-- Task directions --
When you reach the line containing "刘瑞玉院士(左)获得国际甲壳动物学会杰出研究贡献奖", begin reproducing the lines exactly and continue through the end of the listing, leaving out the pictures.

-- Stored data --
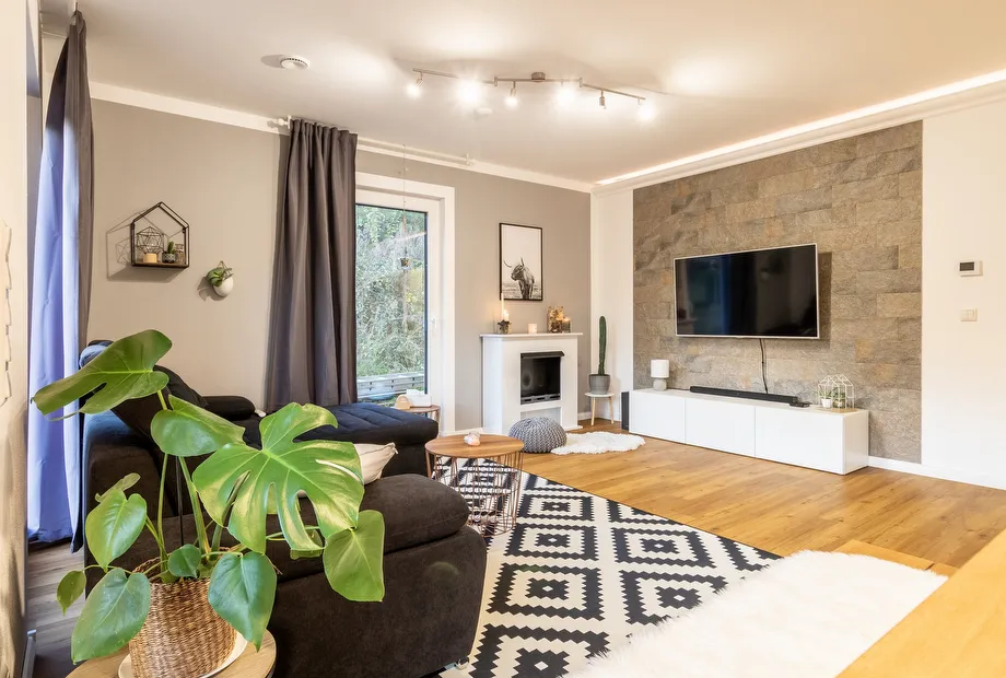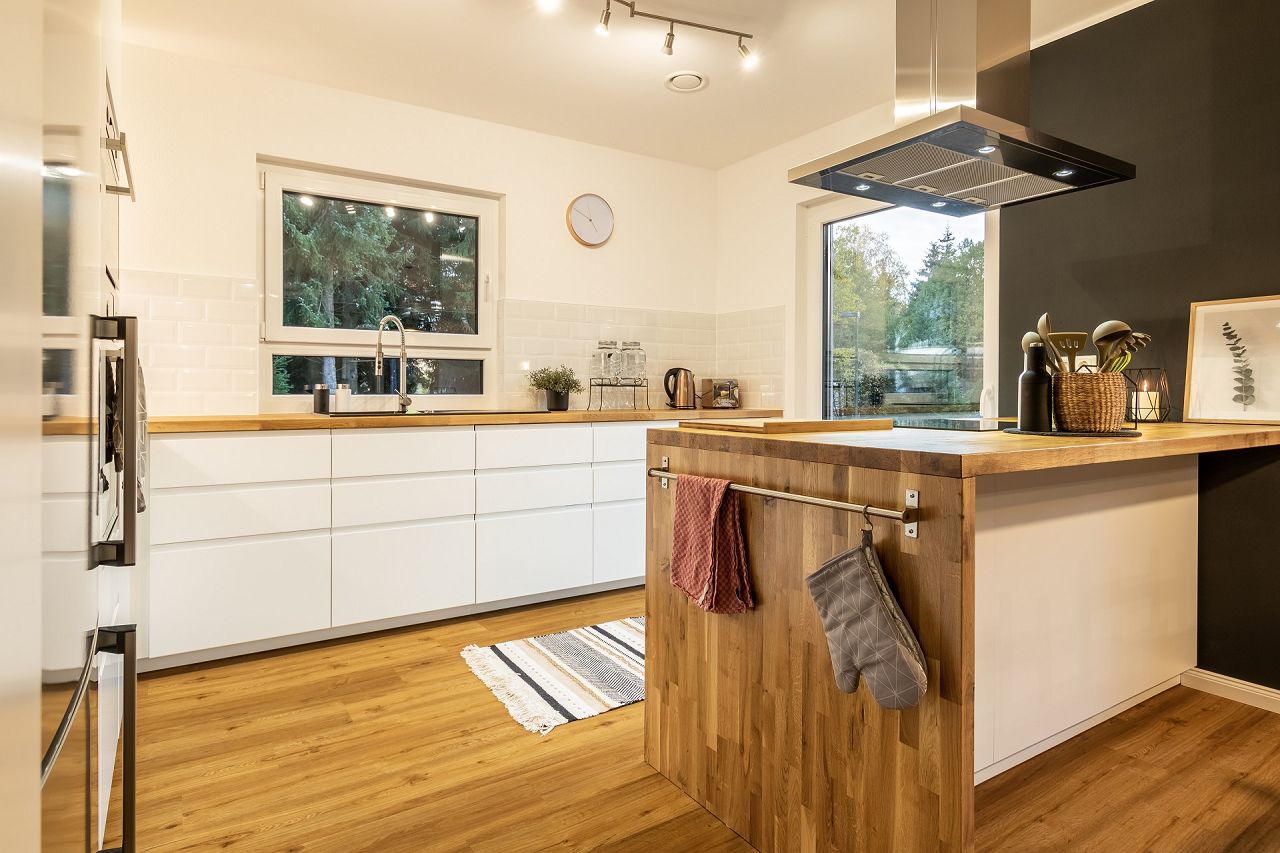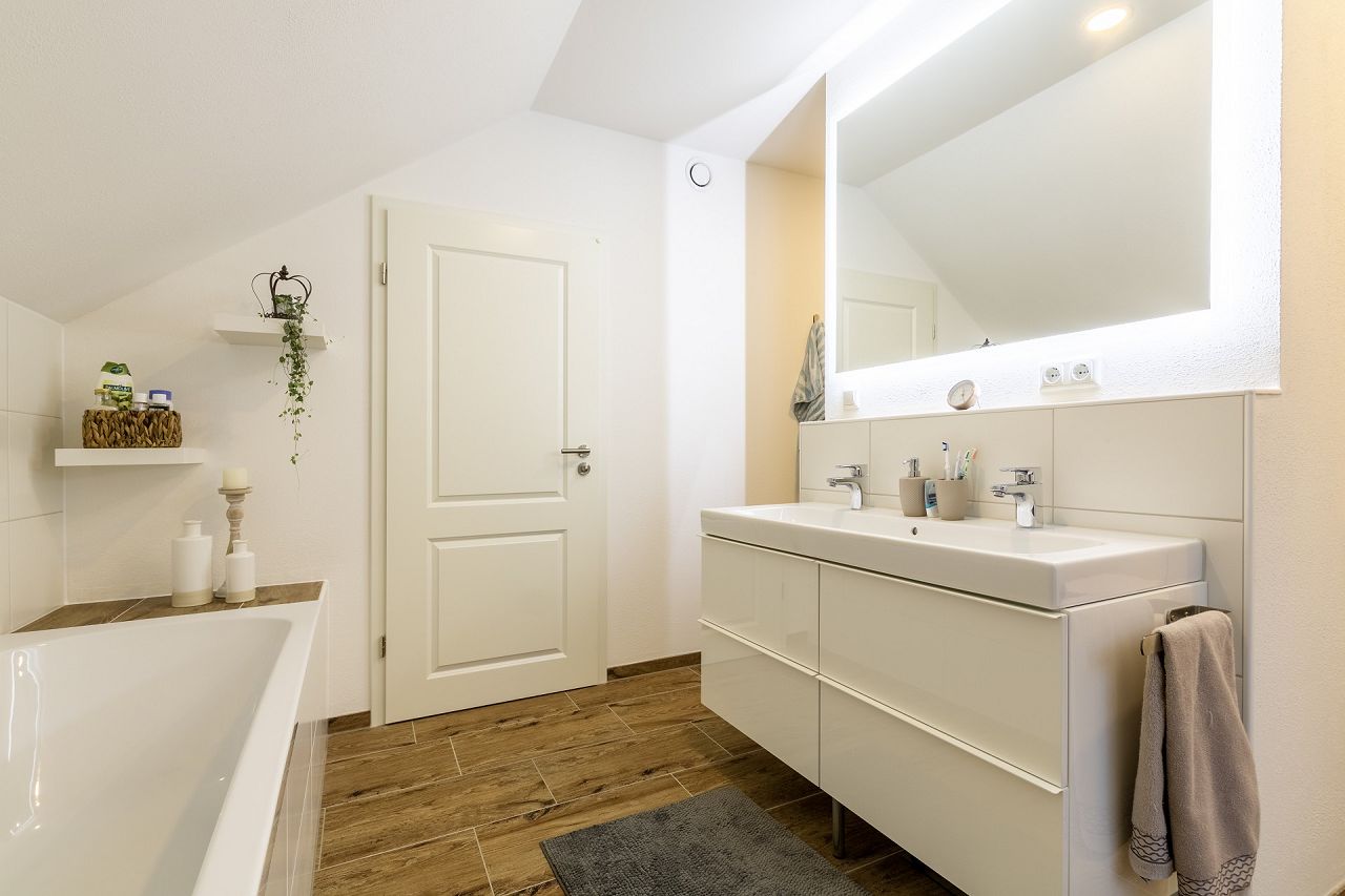 Das komplette Haus wurde vom Ehepaar im angesagten Scandi-Style ausgestattet und eingerichtet. Anregungen hat sich das Paar bei Pinterest und Instagram geholt. Mit sehr viel Geschick und Geschmack hat das Paar die eigenen vier Wände in ein hyggeliges Zuhause verwandelt. In der Farbwahl dominieren Weiß und Grau. Im Eingangsbereich wurde eine Sitzbank in einer Nische eingebaut und oberhalb mit Komodenknöpfen versehen, die als Kleiderhaken dienen. Eine Kaminkonsole, Teppiche und Möbel im Scandi-Style sowie unifarbene Gardinen machen das offene Wohn-/Esszimmer zum gemütlichen Lebensmittelpunkt. In der Küchenplanung wurde eine Küche in L-Form mit einer Kochtheke in klassischem Weiß mit einer Massivholzarbeitsplatte ausgewählt. Eine perfekte Ergänzung stellen die stylischen weißen Pariser-Metrofliesen dar. Auch das Schlafzimmer mit Ankleide wurde mit viel Detailliebe ausgestattet und in eine gemütliche Ruhezone verwandelt. Das Bad mit Bodenfliesen in Holzoptik, Badewanne, Waschtisch, WC und Dusche wird durch ein bodentiefes Fenster hell und Licht durchflutet. Durch die Bauweise mit einem erhöhten Kniestock, bieten die Räume im Dachgeschoss mehr Stellfläche und Platz.
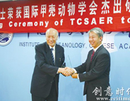 刘瑞玉院士(左)获得国际甲壳动物学会杰出研究贡献奖
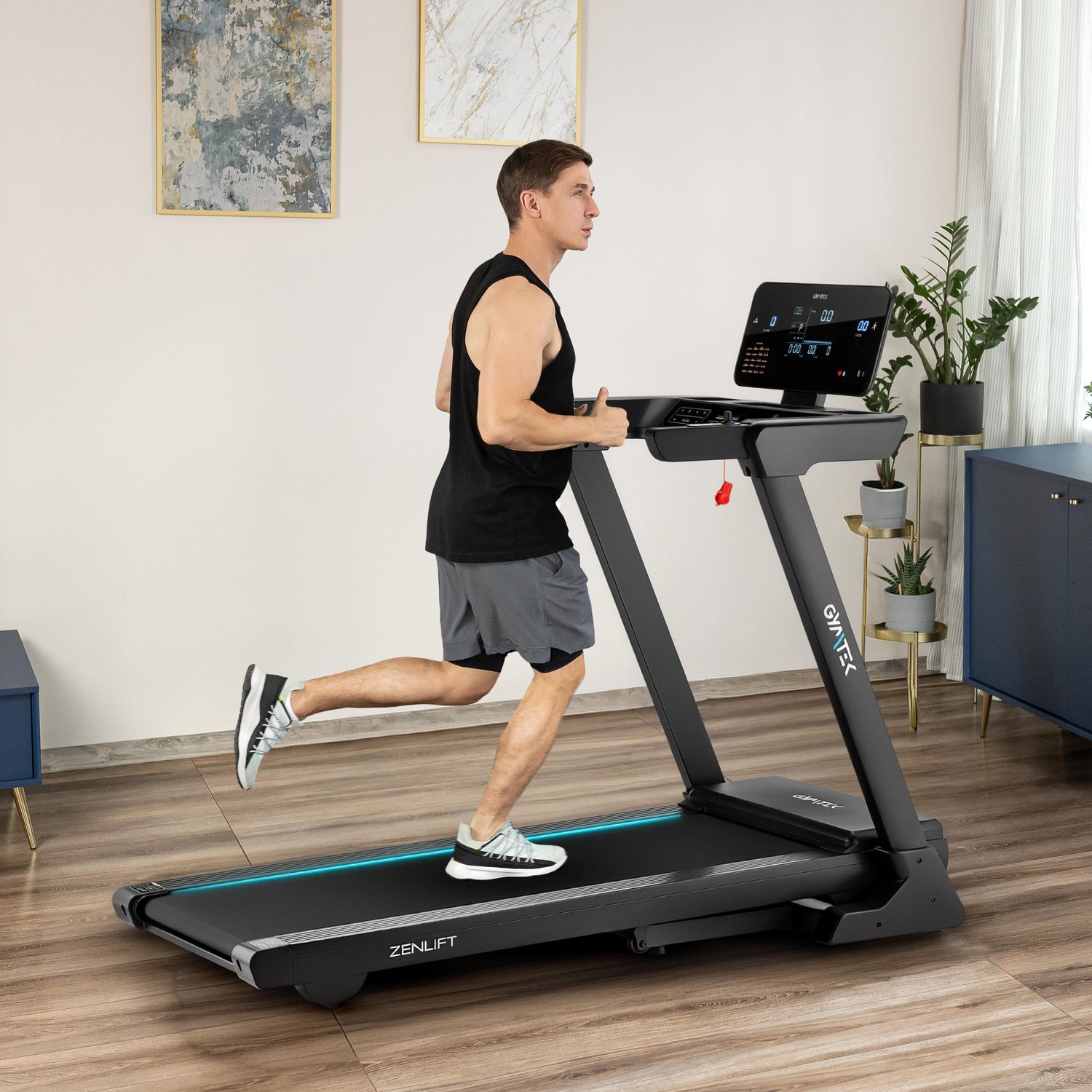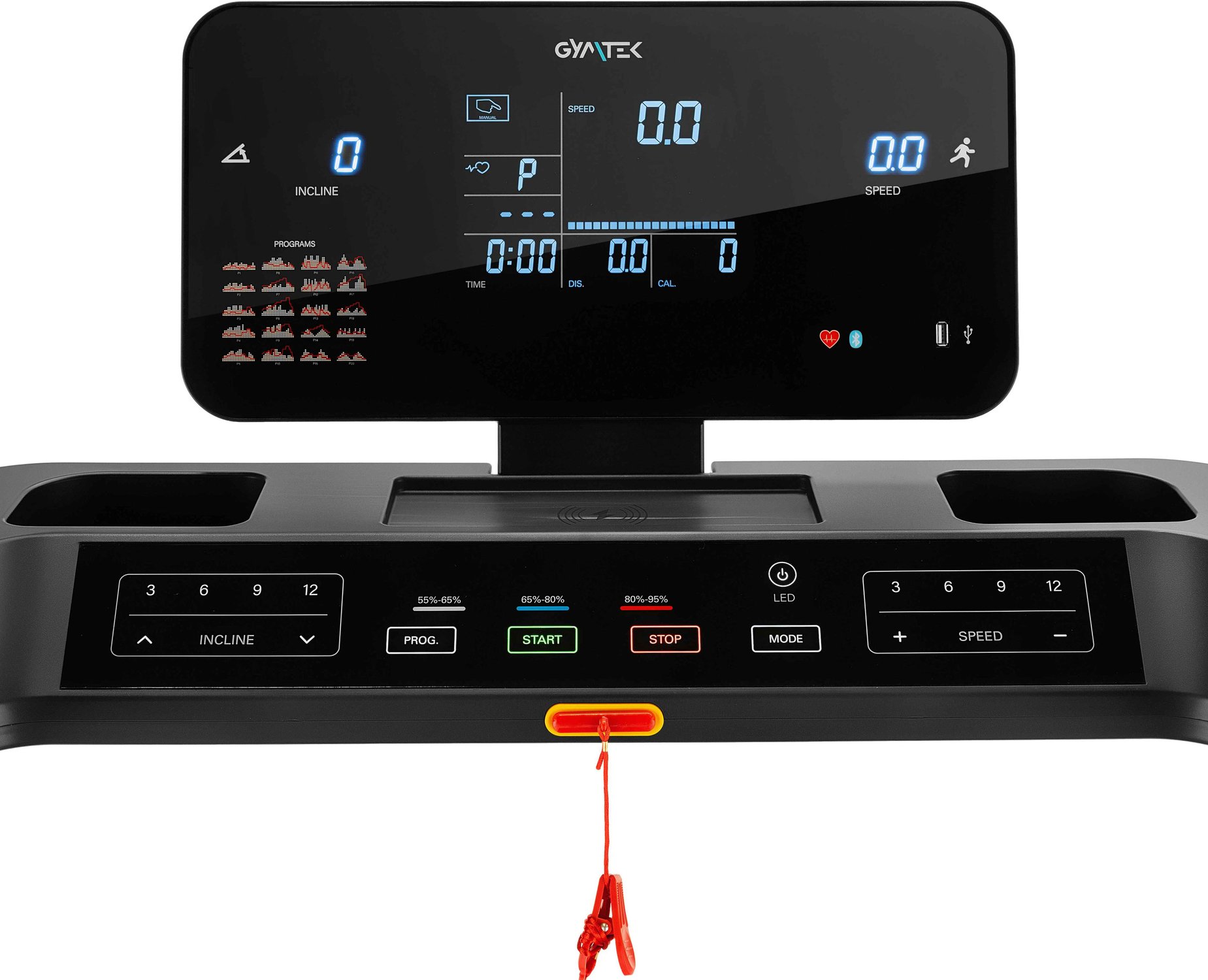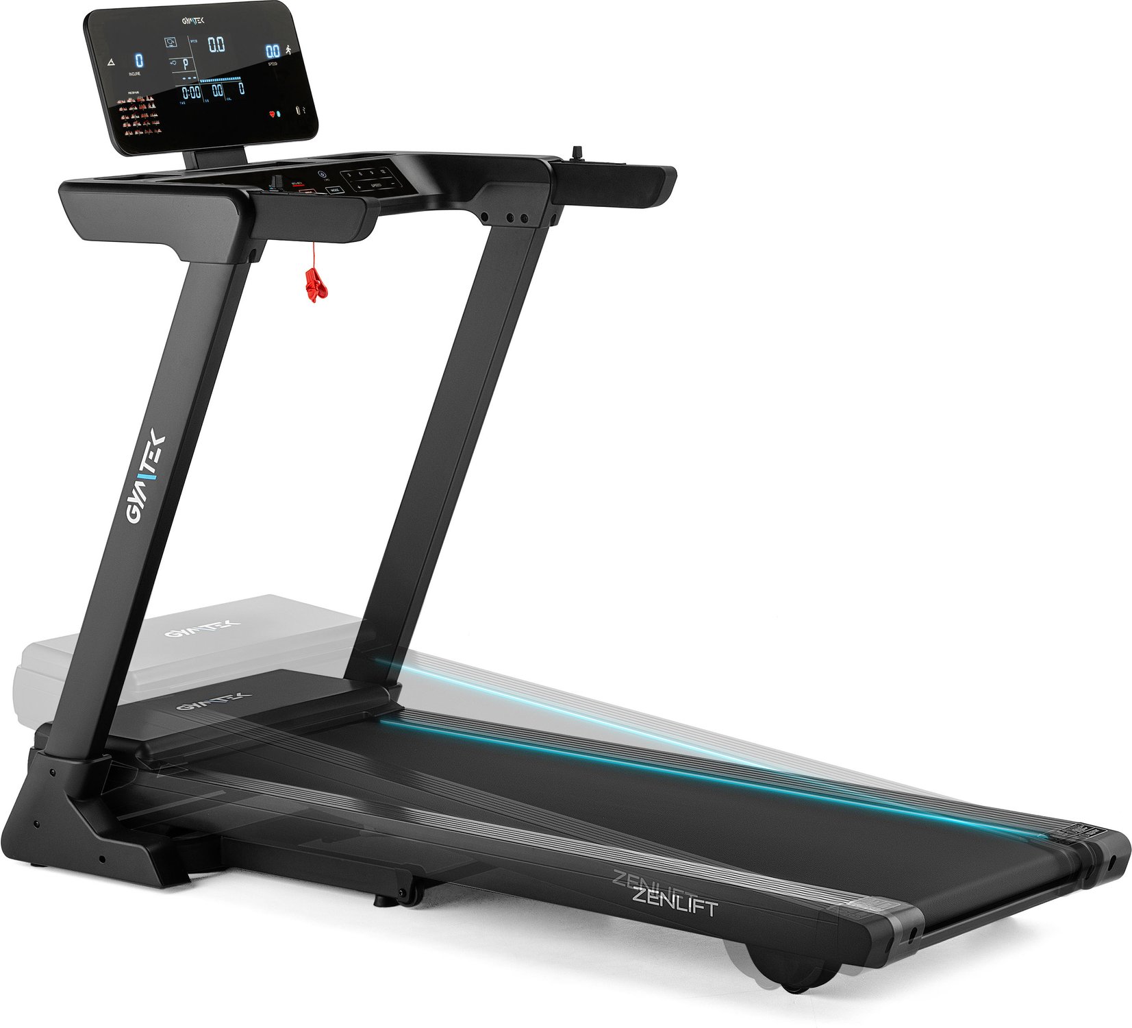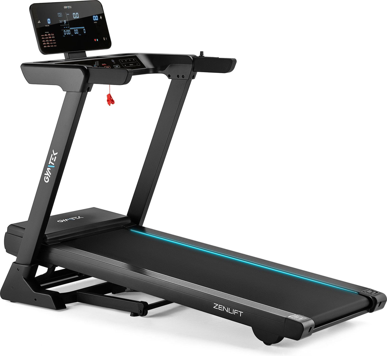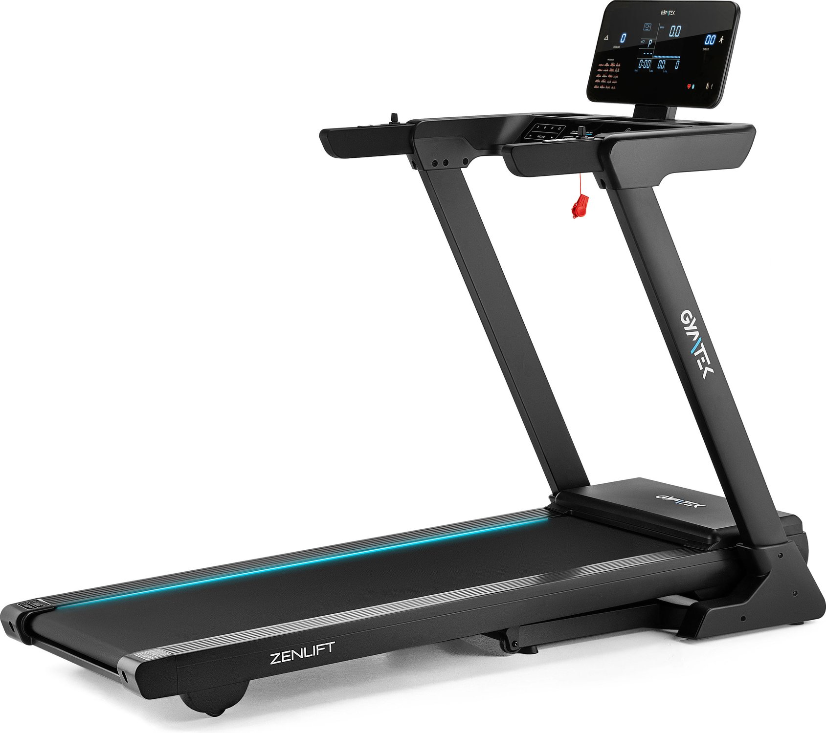 - Światła LED podświetlające pas bieżny w 3 kolorach: Do wyboru niebieskie, czerwone lub granatowe. Z powodzeniem urozmaicą każde wyzwanie treningowe.

-- Output below --
 刘瑞玉院士(左)获得国际甲壳动物学会杰出研究贡献奖
 - Światła LED podświetlające pas bieżny w 3 kolorach: Do wyboru niebieskie, czerwone lub granatowe. Z powodzeniem urozmaicą każde wyzwanie treningowe.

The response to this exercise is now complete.